- Exercise data -
══════

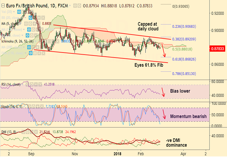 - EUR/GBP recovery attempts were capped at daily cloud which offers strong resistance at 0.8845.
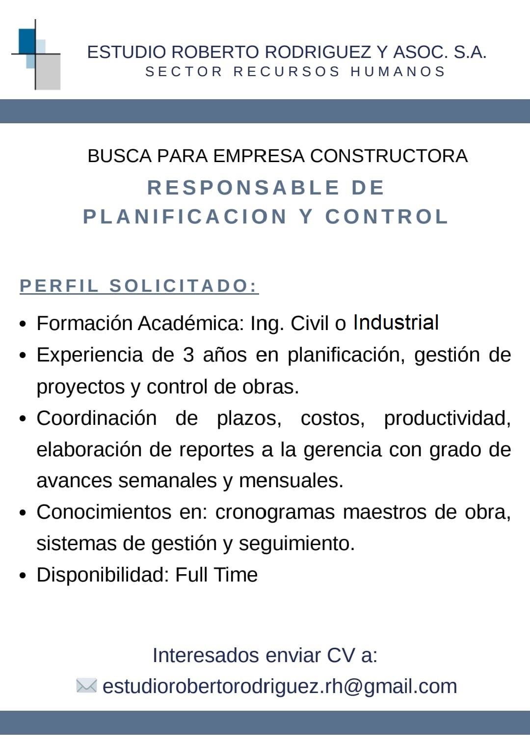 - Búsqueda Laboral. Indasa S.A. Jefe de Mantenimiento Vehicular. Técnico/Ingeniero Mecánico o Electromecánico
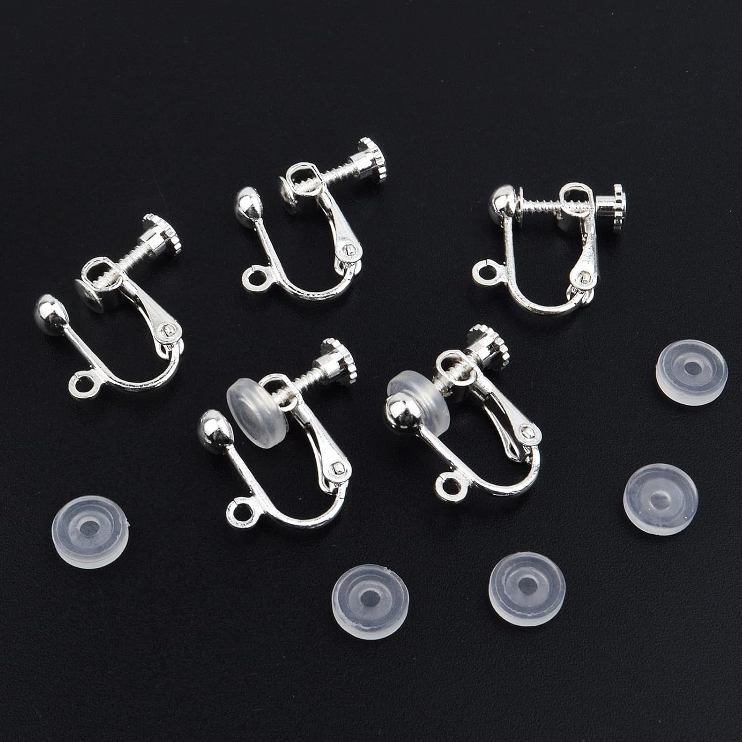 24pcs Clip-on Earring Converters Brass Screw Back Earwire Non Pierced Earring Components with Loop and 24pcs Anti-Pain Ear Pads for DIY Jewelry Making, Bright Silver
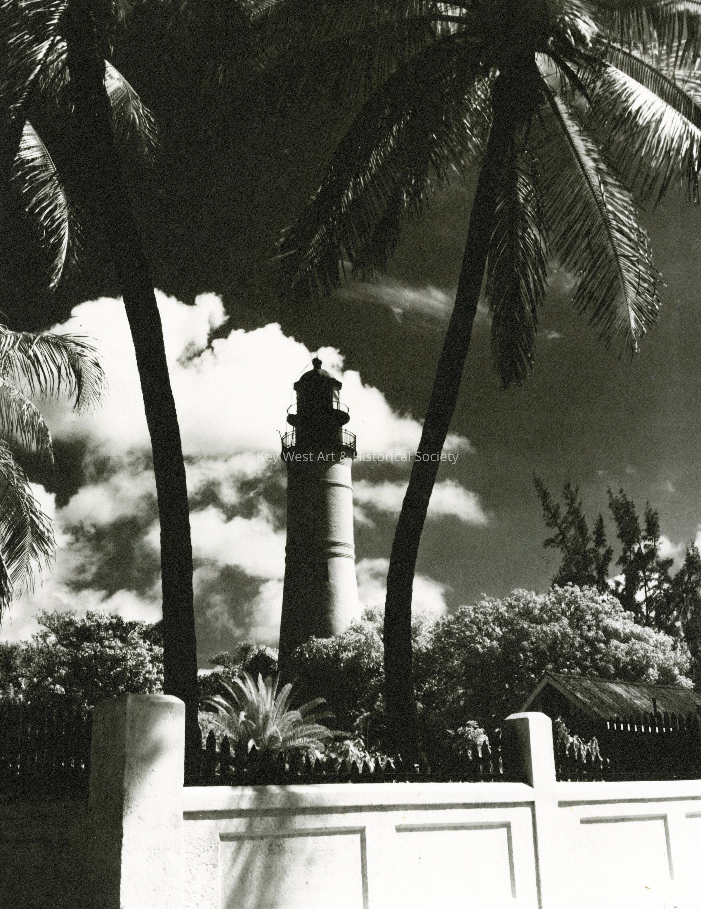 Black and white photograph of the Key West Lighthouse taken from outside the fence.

══════

- Work instructions -
Please set down every line of the data above precisely, dropping the images.

- Solution -
 - EUR/GBP recovery attempts were capped at daily cloud which offers strong resistance at 0.8845.
 - Búsqueda Laboral. Indasa S.A. Jefe de Mantenimiento Vehicular. Técnico/Ingeniero Mecánico o Electromecánico
 24pcs Clip-on Earring Converters Brass Screw Back Earwire Non Pierced Earring Components with Loop and 24pcs Anti-Pain Ear Pads for DIY Jewelry Making, Bright Silver
 Black and white photograph of the Key West Lighthouse taken from outside the fence.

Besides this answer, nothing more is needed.